It's getting quite old!!

So for the last couple of months I have been getting stomach aches and diarreha after I eat, night sweats and now lovely headaches, oh yea and mood swings galore! I asked my doc to check my thyroid and sugar. So, she did along with my red and white blood count. Well, it all came back fine. She hasn't said anything else about wanting to do any other tests. Well, there has to be something wrong!! This isn't normal, I wasn't like this before.
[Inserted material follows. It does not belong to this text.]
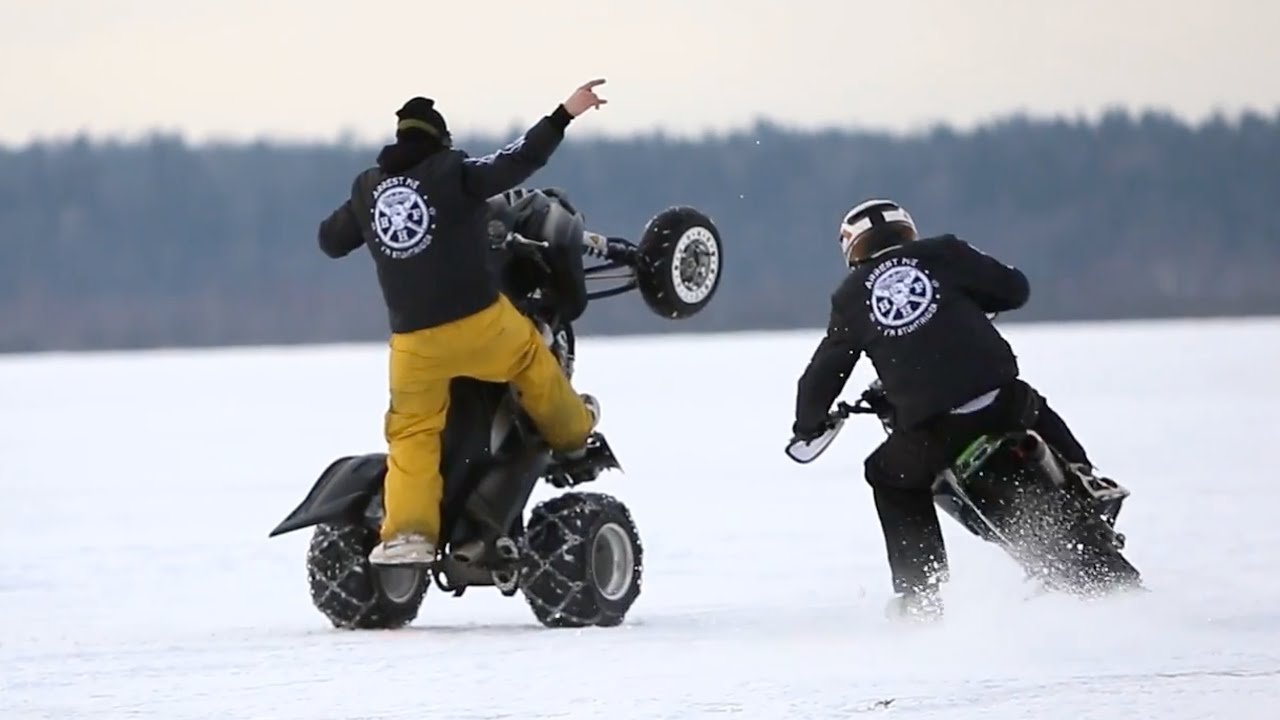 Команда HHF (Happy Huge Family - https://vk.com/hhfstunt) этой зимой замутили веселые треш-покатушки на озере в подмосковье. Температура была выше нуля, снег таял, но HHF это не остановило! Очистка трассы заняла целый день. Пришлось ремонтировать технику, устанавливать цепи и шиповать колеса. Идей было много, но реализовать все не получилось. В режиме дрифта цепи не выдержали нагрузок: слетали с колес и разбалтывались, но несколько трюков на квадроцикле удались. С мотиками проблем было меньше, шипы нормально держали, но кроме дрифта ничего не получилось из-за плохой трассы. Уазик и Волга поехали в последний день.

If I go out, I don't eat for like 2-3 hours before we are suppose to leave. I had a girls night out and we went out to eat, big mistake!! Next time I will just watch them eat. It is so freakin old!! Even if I am at home, I don't like to eat b/c then I'm gonna have an upset stomach for the rest of the night. I have no clue what is wrong. When I put in my symptoms on the internet, you wanna know what comes up?? Menopause. Can you believe it?? I guess if I am going thru way early menopause it really isn't all that big of a deal, b/c we are done having kids so it's not like I'm wanting to get prego. The plus side to it all would be the fact that I won't have periods anymore. But who knows what is wrong, I guess I will be calling my doc today and once again try and figure out what in the heck is wrong with me!! I am so sick of it all!! People wonder why I am skinny, my mom thinks that I don't eat. Well, partly she is right. Sometimes I don't eat all meals, b/c I don't want to feel like crap, but why eat when it is just gonna come right out? I don't know. I'm just fed up!!

Monday, October 27, 2008

Can you believe I did it?



Yep folks!! I did it! I got my tat Friday night! Everyone thought I would chicken out, including me, but I didn't. I went with one of my friends and my cousin and her hubby. I may have went last, but I went! It didn't really hurt, there were a few tender parts, but it really wasn't bad at all. I could do it again, but I don't know if I will or not. This one is kinda big or atleast that is what everyone tells me. So, I might just keep it to one tat.

Thursday, October 23, 2008

Cutest kids....






So, I'm their mom so I should totally think so. But who could think my kids aren't cute? lol Anyways, we took them tonight for their first official pics together. They turned out really good!!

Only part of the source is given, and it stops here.